In this case I took the five we discussed above, with the allowed parameters plus an indicator that we want to use non-negative forecasts when possible.

Then we create a HierarchicalReconciliation object and pass the list of reconciliation methods to the reconcilers argument.

Finally, we use the reconcile method to reconcile the forecasts.

This method requires the following arguments:

  • Y_hat_df: the forecasts generated by the forecasting models for each level of the hierarchy in the validation period.
  • Y_df: the predictions for the observations in the training period.
  • S: the summing matrix
  • tags: the mapping of each level of the hierarchy to the original categories.

This runs very fast, and it will return a dataframe with the forecasts for each reconciliation method.

unique_id ds HoltWinters HoltWinters/BottomUp HoltWinters/TopDown_method-forecast_proportions HoltWinters/TopDown_method-average_proportions
lacity.org 2019-01-01 00:00:00 1.67954e+06 1.63374e+06 1.67954e+06 1.67954e+06
lacity.org 2019-01-02 00:00:00 1.81115e+06 1.63167e+06 1.81115e+06 1.81115e+06
lacity.org 2019-01-03 00:00:00 1.52177e+06 1.43171e+06 1.52177e+06 1.52177e+06
lacity.org 2019-01-04 00:00:00 1.13103e+06 1.13859e+06 1.13103e+06 1.13103e+06
lacity.org 2019-01-05 00:00:00 943.062 141860 943.062 943.062

I limited the columns here, but there is a column with the forecast of each reconciliation method.

I merged the forecasts with the actual values to compute the errors.

p_rec_ = p_rec.merge(valid_agg, on=['ds', 'unique_id'], how='left')
p_rec_['y'] = p_rec_['y'].fillna(0)
p_rec_ = p_rec_.reset_index(drop=False)

from sklearn.metrics import mean_squared_error

rmse = dict()
for model_ in p_rec.columns[1:]:
    rmse_ = mean_squared_error(p_rec_['y'].values, p_rec_[model_].values, squared=False)/1e3
    # get only the model name
    model__ = model_.split('/')[-1]
    rmse[model__] = rmse_
pd.DataFrame(rmse, index=['RMSE']).T.sort_values('RMSE')

You can use any metric you want, but I will use the RMSE as an example.

After computing the RMSE for each reconciliation method, I sorted it from the lowest to the highest.

(Values are divided by 1,000 to make it easier to read.)

RMSE
MinTrace_method-mint_shrink_nonnegative-True 210.327
MinTrace_method-wls_var_nonnegative-True 211.071
MinTrace_method-wls_struct_nonnegative-True 211.715
OptimalCombination_method-wls_struct_nonnegative-True 211.715
MinTrace_method-ols_nonnegative-True 215.173

For this dataset, the MinTrace method with the mint_shrink parameter gave us the lowest error.

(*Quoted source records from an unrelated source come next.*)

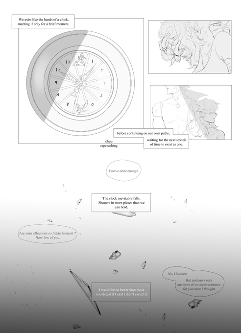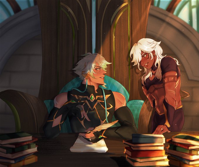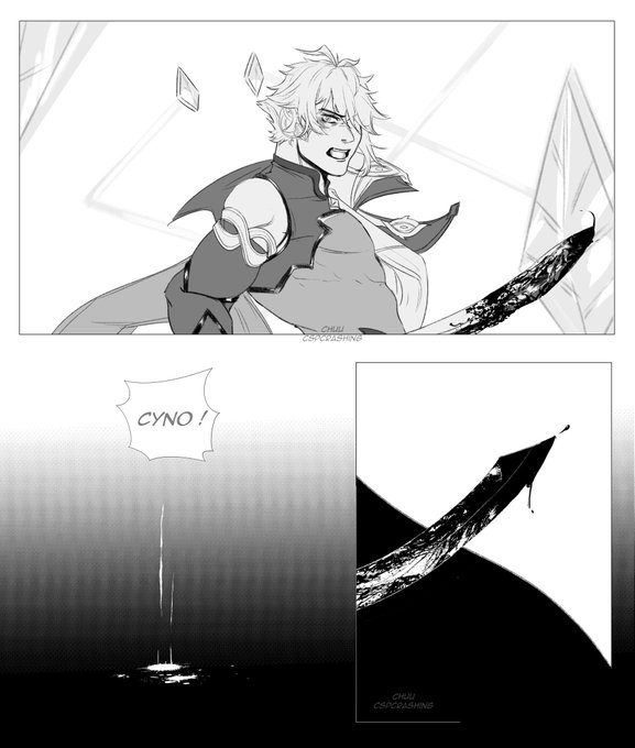 c : "you're late." h : "and you're going to make me fall to my death someday." "it's a good spot." "the roof of the akademiya is a good spot to you ?" "...it's high." HAPPY BELATED BIRTHDAY CYNO ! #セノ生誕祭2023 #genshinimpact #原神 #cytham #haino #cyno
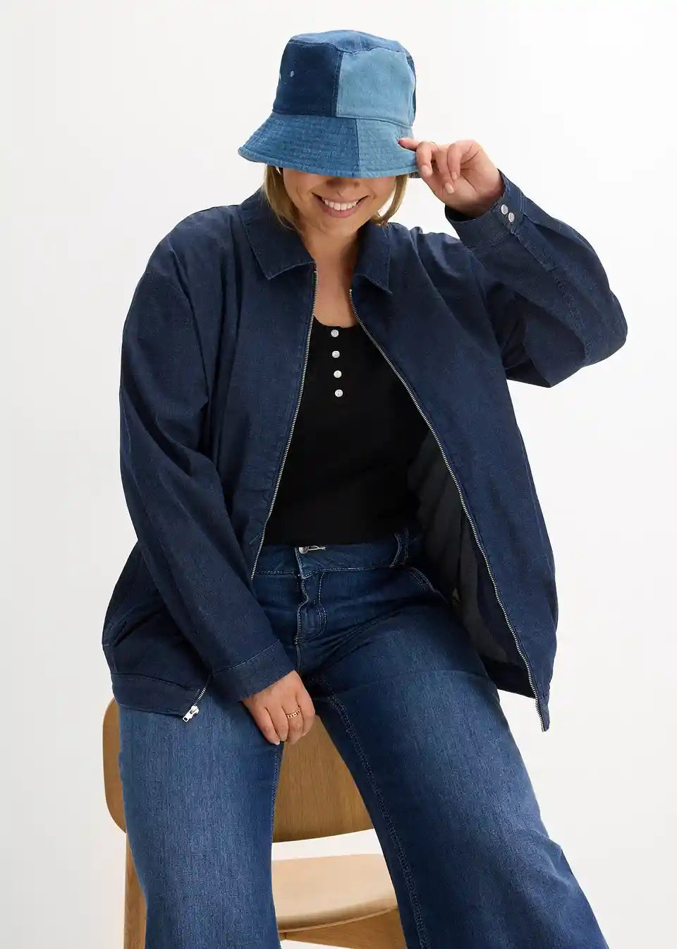 Weite Jeansjacke im Blousonstil mit Reißverschluss
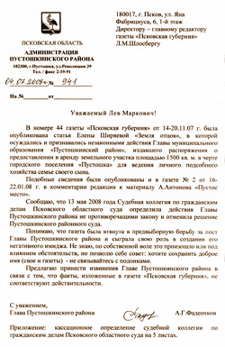 Письмо заслуживает обширного и бережного цитирования (орфография и стилистика сохранены полностью): «В номере 44 газеты «Псковская губерния» от 14-20.11.07 г. Была опубликована статья Елены Ширяевой «Земля отцов» [ 1 ], в которой осуждались и признавались незаконными действия Главы муниципального образования «Пустошкинский района», издавшего распоряжения о предоставлении в аренду земельного участка площадью 1500 кв. м. в черте городского поселения «Пустошка» для ведения личного подсобного хозяйства семье своего сына.

As always, evaluate more than one metric and use your domain knowledge as a prior to help you select the best reconciliation method.

These are some of the forecasts for a few series:

forecasts for a few series after reconciling with the MinTrace method

In blue we have the actual values, in orange the forecasts from the Base model, which is the Holt-Winters over the raw series and in green the forecasts after reconciling with the selected MinTrace method.